Index: libbase/utf8.cpp
===================================================================
RCS file: /sources/gnash/gnash/libbase/utf8.cpp,v
retrieving revision 1.7
retrieving revision 1.8
diff -u -b -r1.7 -r1.8
--- libbase/utf8.cpp    4 Feb 2008 15:16:54 -0000       1.7
+++ libbase/utf8.cpp    5 Feb 2008 12:01:51 -0000       1.8
@@ -1,15 +1,58 @@
-// utf8.cpp    -- Thatcher Ulrich 2004   -*- coding: utf-8;-*-
-
-// This source code has been donated to the Public Domain.  Do
-// whatever you want with it.  THE AUTHOR DOES NOT WARRANT THIS CODE.
-
-// Utility code for dealing with UTF-8 encoded text.
+// utf8.cpp: utilities for converting to and from UTF-8
+// 
+//   Copyright (C) 2008 Free Software Foundation, Inc.
+// 
+// This program is free software; you can redistribute it and/or modify
+// it under the terms of the GNU General Public License as published by
+// the Free Software Foundation; either version 3 of the License, or
+// (at your option) any later version.
+// 
+// This program is distributed in the hope that it will be useful,
+// but WITHOUT ANY WARRANTY; without even the implied warranty of
+// MERCHANTABILITY or FITNESS FOR A PARTICULAR PURPOSE.  See the
+// GNU General Public License for more details.
+// 
+// You should have received a copy of the GNU General Public License
+// along with this program; if not, write to the Free Software
+// Foundation, Inc., 51 Franklin St, Fifth Floor, Boston, MA  02110-1301  USA
+//
+// Based on the public domain work of Thatcher Ulrich <address@hidden> 2004
 //
 // Much useful info at "UTF-8 and Unicode FAQ" 
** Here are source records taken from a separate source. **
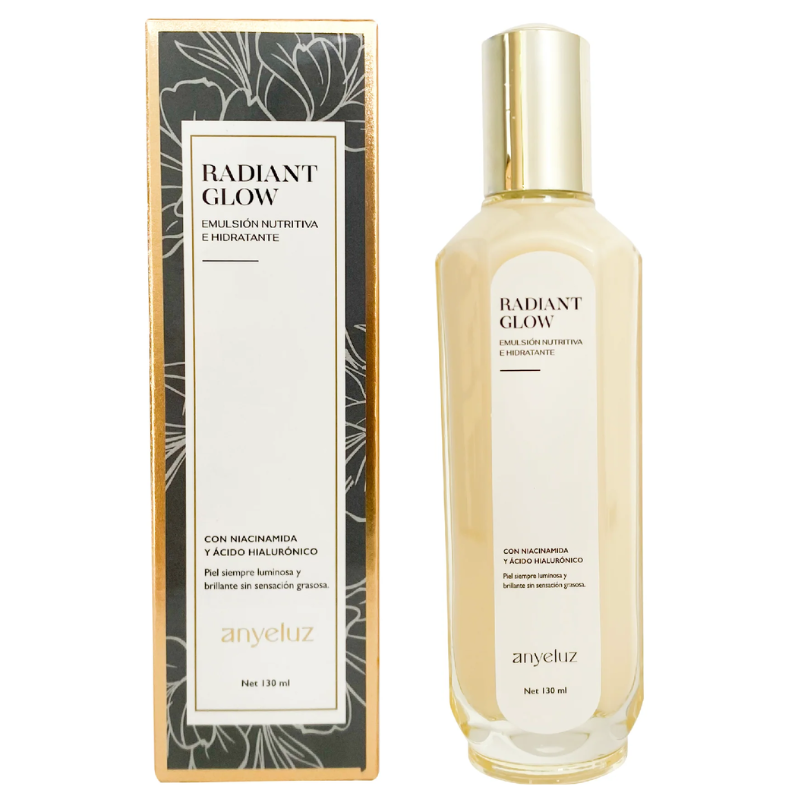 La Emulsión Nutritiva Radiant Glow de Anyeluz es el aliado ideal para darle a tu piel un aspecto saludable, luminoso y lleno de vitalidad. Su fórmula ligera y de rápida absorción combina extractos naturales, vitaminas y ácido hialurónico, brindando nutrición, suavidad y frescura sin dejar sensación grasosa.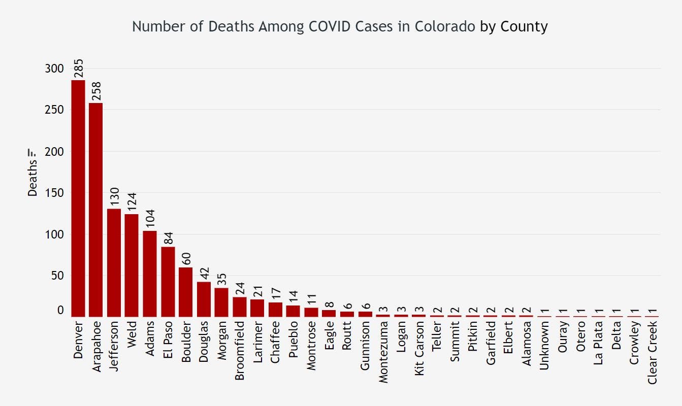 As of Tuesday afternoon, 22,482 people have been infected with the new coronavirus in Colorado among 131,837 people who have been tested since the outbreak began, health officials confirmed. Around 3,955 people have been hospitalized, and the death toll among people who tested positive for COVID-19 has reached 1,257.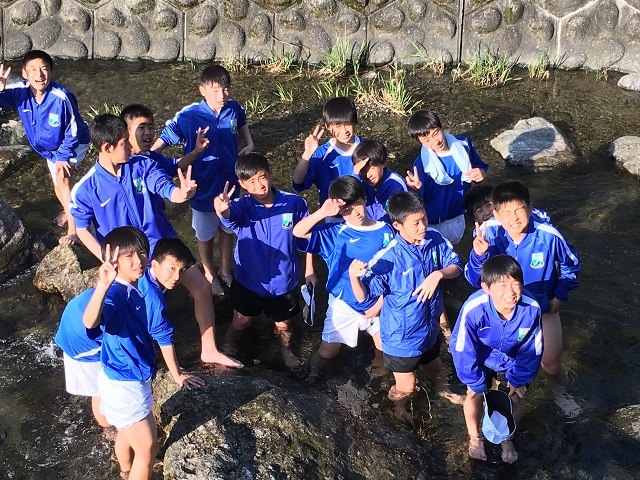 石段の登り口にある川での1枚。さすがに疲れ切った表情の9期生たち。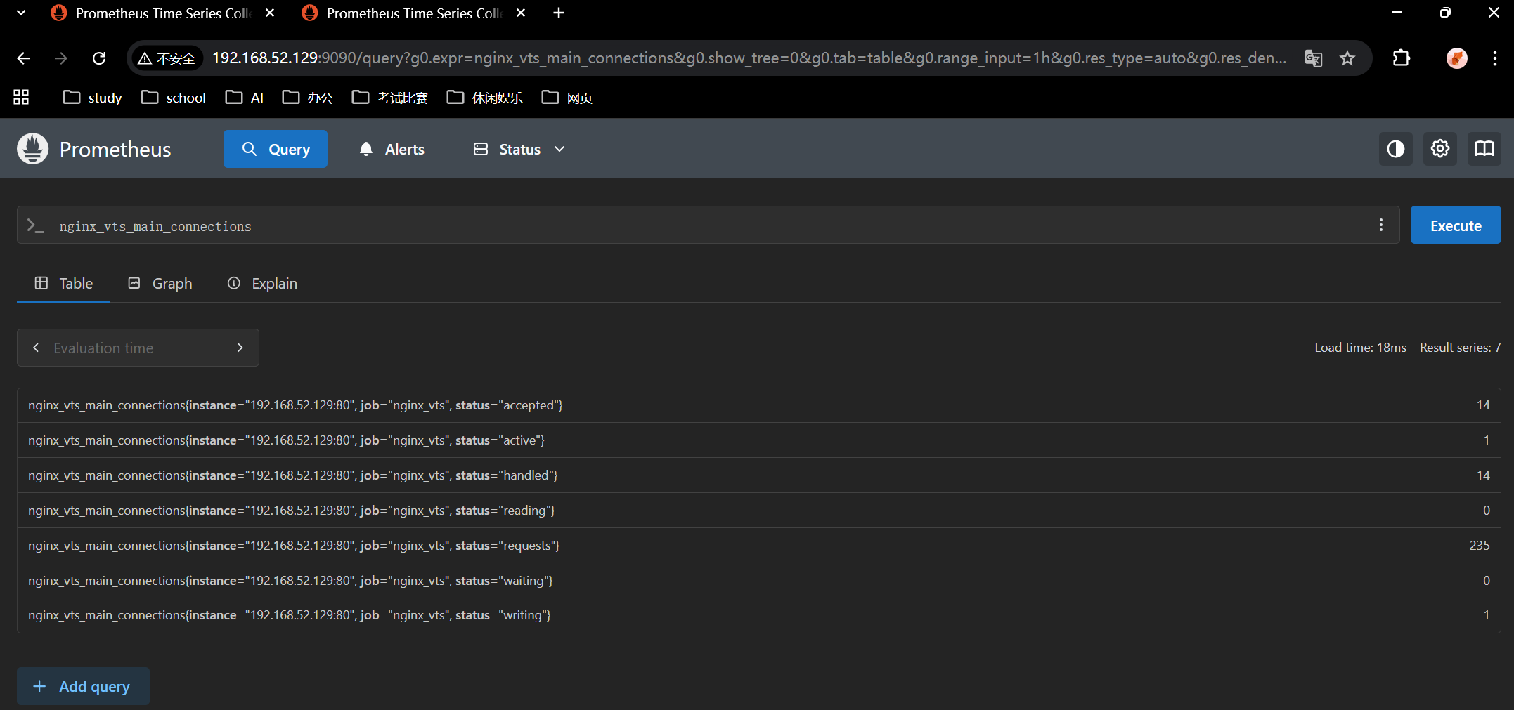 Execute按钮,就能看到 Nginx 的连接数指标数据(如果能看到,说明采集成功)
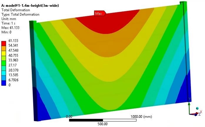This image shows how a flood panel reacts when water pushes against it. The colors go from blue (no bending) to red (most bending). As you can see, the center of the panel – especially near the top – bends the most. This test was done on a 3-meter-wide panel at 1.4 meters high. The red area shows where the panel moves the most under pressure, while the blue edges show where it stays firm because it’s supported.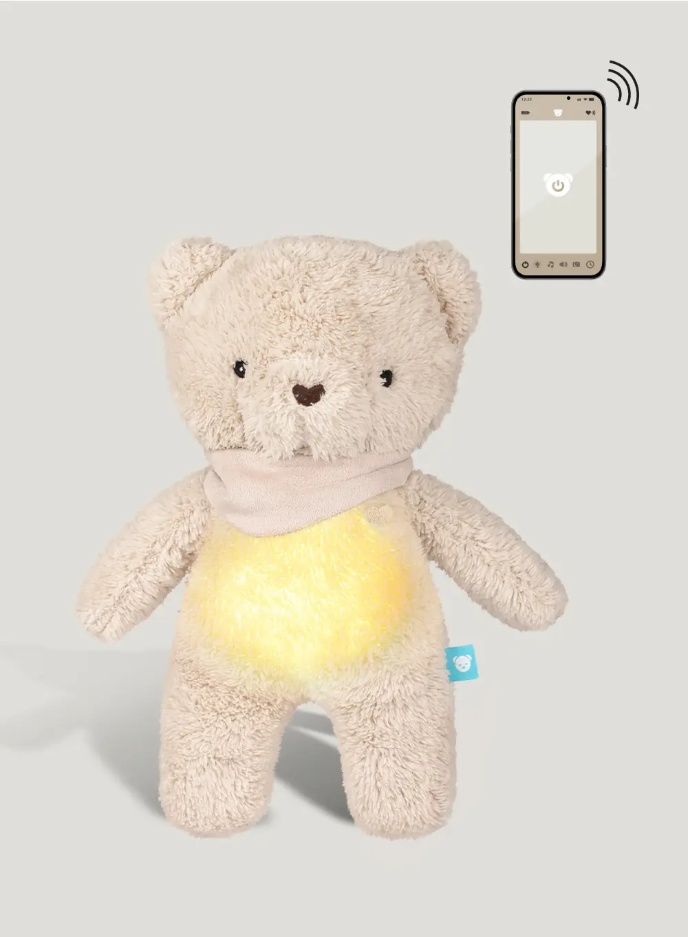 Peluche Ourson MyHummy 7-en-1 avec veilleuse et sons apaisants pour bébé. Offrez à votre bébé des nuits paisibles grâce à l’ourson myHummy : sons blancs, berceuses, veilleuse douce et vibrations au rythme du cœur.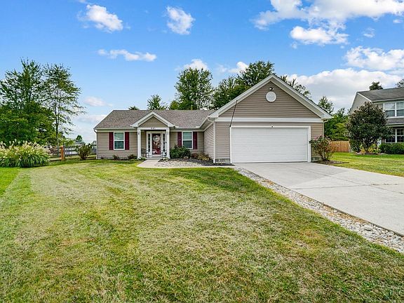Super clean, open-concept 3-bedroom, 2-bath ranch situated on a spectacular cul-de-sac lot just under half an acre. With 1,560 square feet of beautifully designed living space, you'll love the flow of LVT flooring throughout the main living areas. The kitchen boasts wood cabinetry, ceramic backsplash, and a walkout to an amazing stamped patio. Primary bedroom features a walk-in closet and an adjoining full bath with a double vanity. Two additional bedrooms and a second full bath. Large fenced yard with a storage shed and an attached 2-car garage.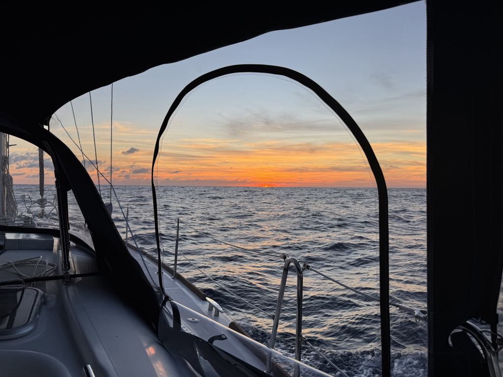 Les premières journées se sont passées sans accroc. Mer magnifique, fabuleux couchers de soleil, le plaisir de sortir du quotidien. Mais justement, sortir du quotidien signifie quitter ses repères, ce qui vient avec quelques défis et imprévus!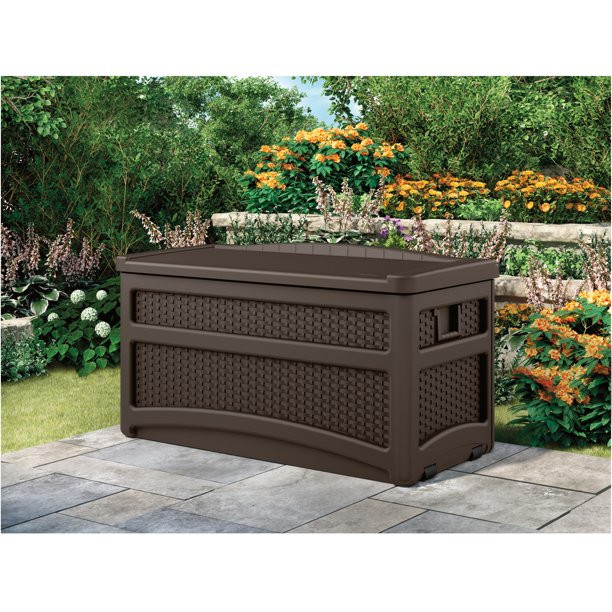 Suncast Outdoor 73 Gallon Resin and Wicker Deck Box with Seat. Java Brown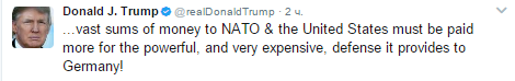 "Германия, однако, должна НАТО значительные суммы и должна платить США больше за мощную и очень дорогую оборону, которой ее обеспечивают", – добавил президент США в следующем своем микроблоге.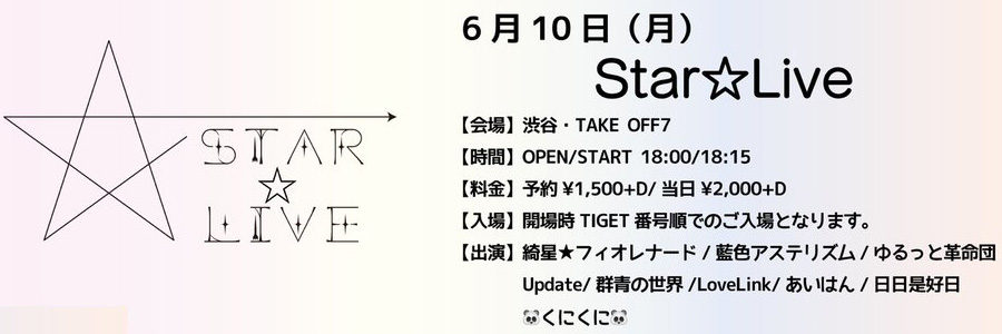 【公演名】 『Star☆Live』 【出演】 綺星★フィオナード / 藍色アステリズム / ゆるっと革命団 / Update / 群青の世界 / LoveLink / あいはん / 日日是好日 / くにくに / にゅ〜わ … Continue →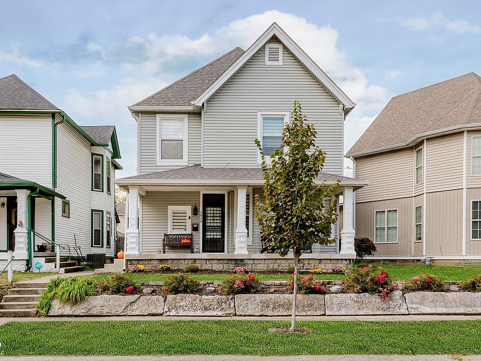 Nestled at 2838 Carrollton AVE, INDIANAPOLIS, IN, this charming 1920s single family residence, boasting 1950 square feet of living area spread across two stories, on a 4574 square feet lot, is in great condition, ready to welcome its new owners. This 3 or 4 bedroom, 2 full bath home is in one of Indy's most vibrant neighborhoods! Overlooking The Triangle (neighborhood park), this charmer is only steps away from The Monon Trail! Easy access to entertainment, such as The Garage, Mass Ave, Broad Ripple and downtown Indy. You'll be in awe of the Grand Entry with original staircase, beautiful custom original woodwork, original hardwood floors, built-ins and high ceilings throughout home. The dining room features a stunning Coffered Ceiling. Enjoy morning coffee on the expansive front porch, or hosting a summer barbecue in the fenced-in backyard. The pergola on the spacious back deck provides a shaded oasis for relaxation. Imagine preparing meals in a kitchen that combines classic design with modern convenience, featuring shaker cabinets that offer ample storage and stone countertops that provide a durable and elegant workspace. The natural textures and neutral tones create a calming environment, perfect for both everyday cooking and entertaining. This stunning completely renovated kitchen offers all new appliances, including brand new oven/range & garbage disposal. The main level is Flooded with natural light with an open airy feel. Upstairs, the primary bedroom offers a private retreat, complete with an ensuite bathroom for ultimate convenience and relaxation. The layout creates a seamless space for rest and rejuvenation. In addition, the primary suite has a large attached sitting/laundry/bonus room (perfect for a large walk-in closet). *Windows are newer high efficiency. *Spacious 2 car detached garage. *Fenced in backyard for your furry friends. *Interior freshly painted. *Washer and Dryer included. *Roof is less than 5 years old. *Professional hardscape in fron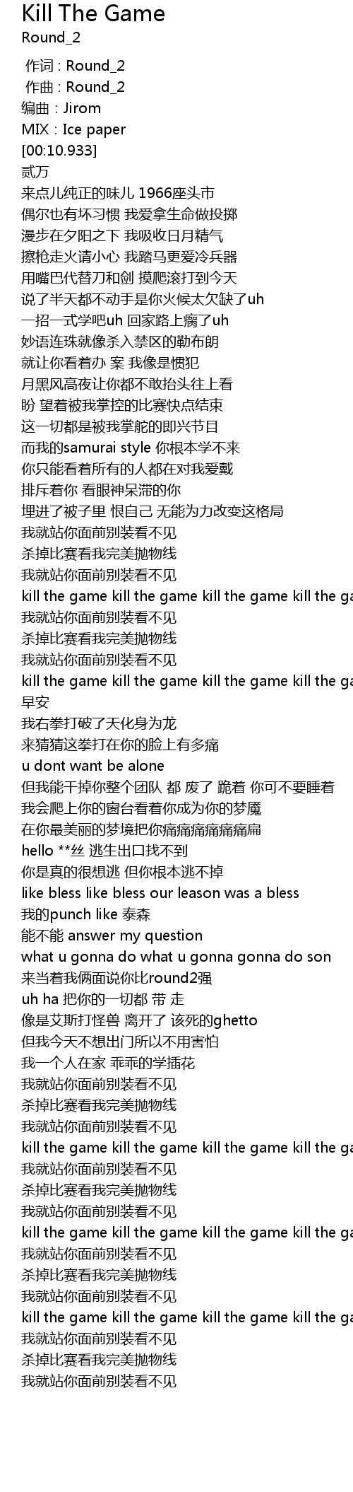| [02:30.505] | kill the game kill the game kill the game kill the game |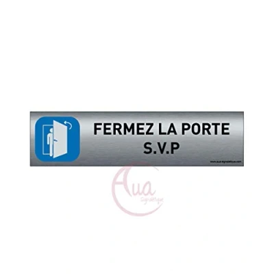 Plaque de porte aluminium brossé imprimé Dimensions 200 x 50 mm Double face adhésif au dos Impression UV directement sur l'aluminium (Pas contre collage) (Fermez la porte)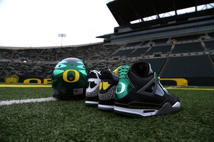 Phiên bản Jordan đầu tiên khai mở cho kỷ nguyên của bộ colla này là Jordan 9 “Oregon Ducks”. Đôi giày này được thiết kế cho các cầu thủ bóng bầu dục của Oregon mang trước khi trận đấu tranh cúp BCS diễn ra vào năm 2011. Phiên bản 9s này khá đặc biệt với phối màu Dark Green và những detail trên thân giày được tô với các màu Black, White và Metallic Silver. Chất liệu da lần này là Nubuck và điểm nhấn của đôi giày là logo “O” truyền thống của Oregon và số áo “23” của MJ ở phần heeltabs. Mức giá resell của đôi giày này rơi vào khoảng $2500 cho một đôi.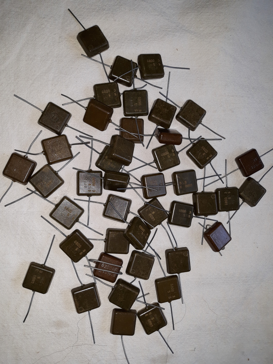44 db orosz csillám kondenzátor eladó.5,6 és 6,8 nF 500V vegyesen.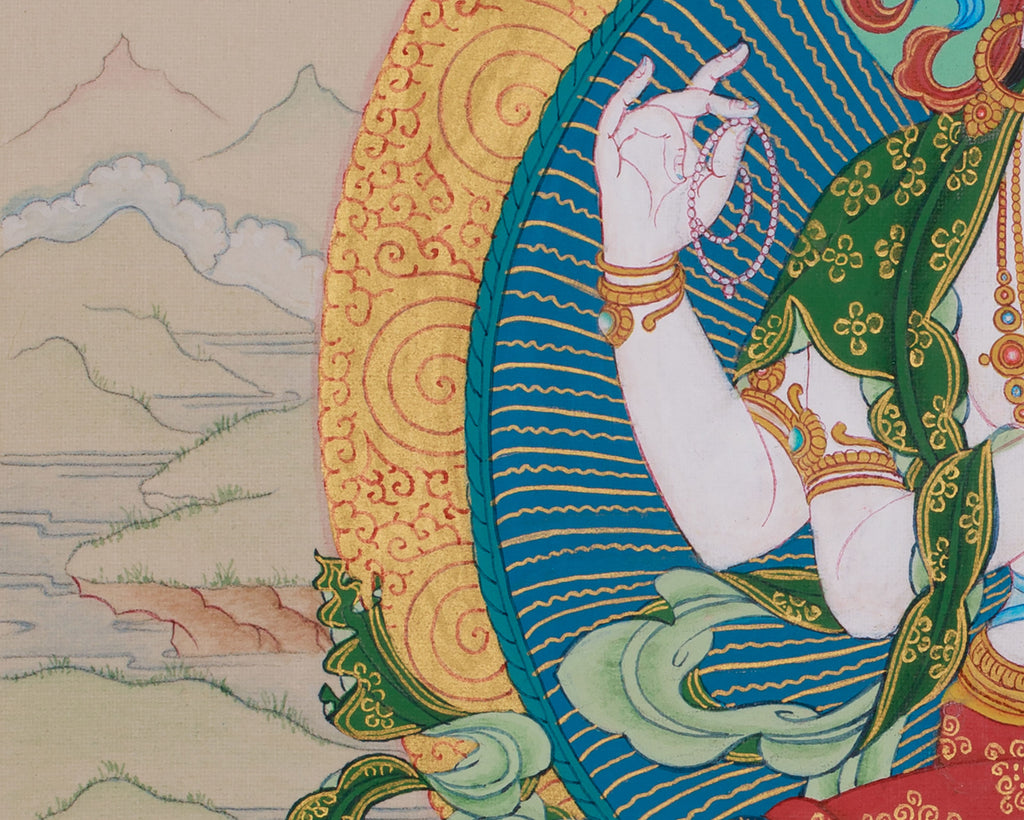 Chenrezig, or Avalokiteshvara, the Bodhisattva of Compassion, is the embodiment of boundless love and mercy in Tibetan Buddhism. Known for his vow to alleviate the suffering of all beings, Chenrezig is depicted with four arms. In this thangka, he is shown seated on a lotus throne, with his four-armed form; his two main hands are joined at his heart, holding a wish-fulfilling jewel that symbolizes infinite love and wisdom. His other hands hold a lotus flower and a crystal rosary, signifying purity and endless compassion. The serene background of clouds, flowers, and soft greenery reflects his nurturing energy. At the same time, the use of 24K gold further highlights his divine radiance, creating a powerful and uplifting presence in your sacred space.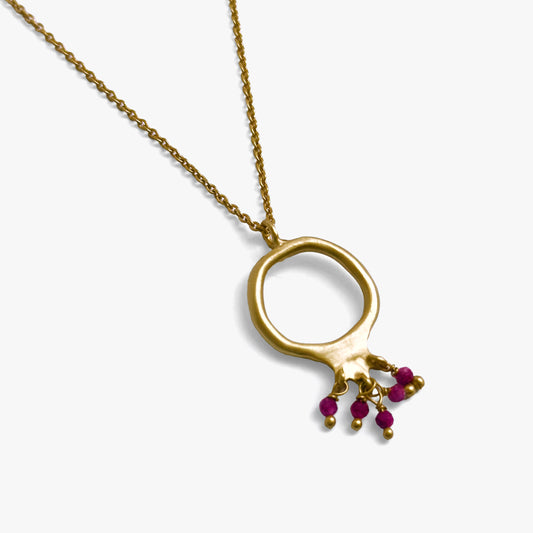 Gold-Plated Pomegranate Pendant Necklace – Ruby or Turquoise Beads 24" + 1.5" Chain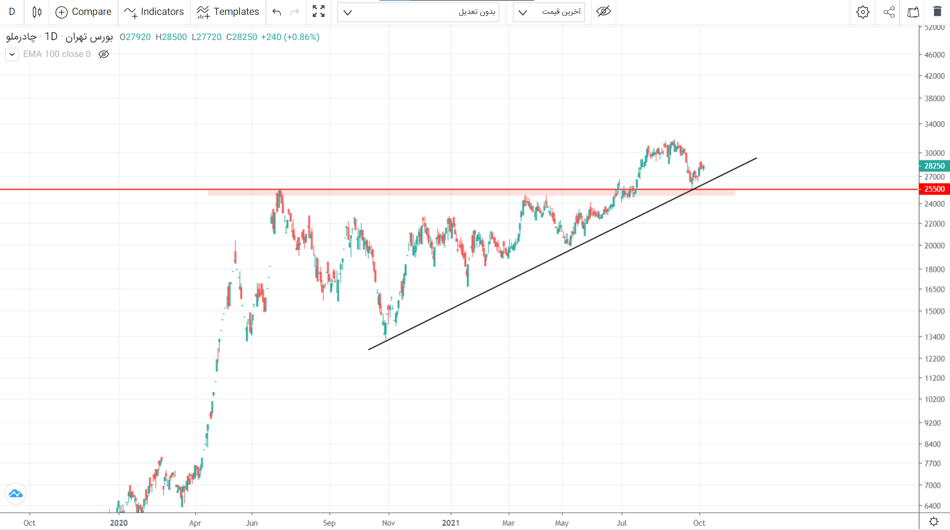 اگر نگاهی به نمودار بدون تعدیل این نماد داشته باشیم شاهد خط حمایت استاتیک و همچنین خط روند میان مدت معتبری خواهیم بود که اعتبار این ناحیه حمایتی را دو چندان میکند

http://www.cl.cam.ac.uk/~mgk25/unicode.html
 
 
 #include "utf8.h"
 
+std::wstring
+utf8::decodeCanonicalString(const std::string& str)
+{
+       std::wstring wstr = L"";
+       
+       std::string::const_iterator it = str.begin();
+       while (boost::uint32_t code = utf8::decodeNextUnicodeCharacter(it))
+       {
+               wstr.push_back((wchar_t) code);
+       }
+       
+       return wstr;
+
+}
+
+std::string
+utf8::encodeCanonicalString(const std::wstring& wstr)
+{
+       std::string str = "";
+       
+       std::wstring::const_iterator it = wstr.begin();
+       while ( it != wstr.end())
+       {
+               str.append(utf8::encodeUnicodeCharacter(*it++));
+       }
+       
+       return str;
+
+}
+
 boost::uint32_t        
utf8::decodeNextUnicodeCharacter(std::string::const_iterator& it)
 {
        boost::uint32_t uc;
@@ -104,6 +147,7 @@
        else
        {
                // Invalid.
+               it++;
                return INVALID;
        }
 }
@@ -119,47 +163,47 @@
        if (ucs_character <= 0x7F)
        {
                // Plain single-byte ASCII.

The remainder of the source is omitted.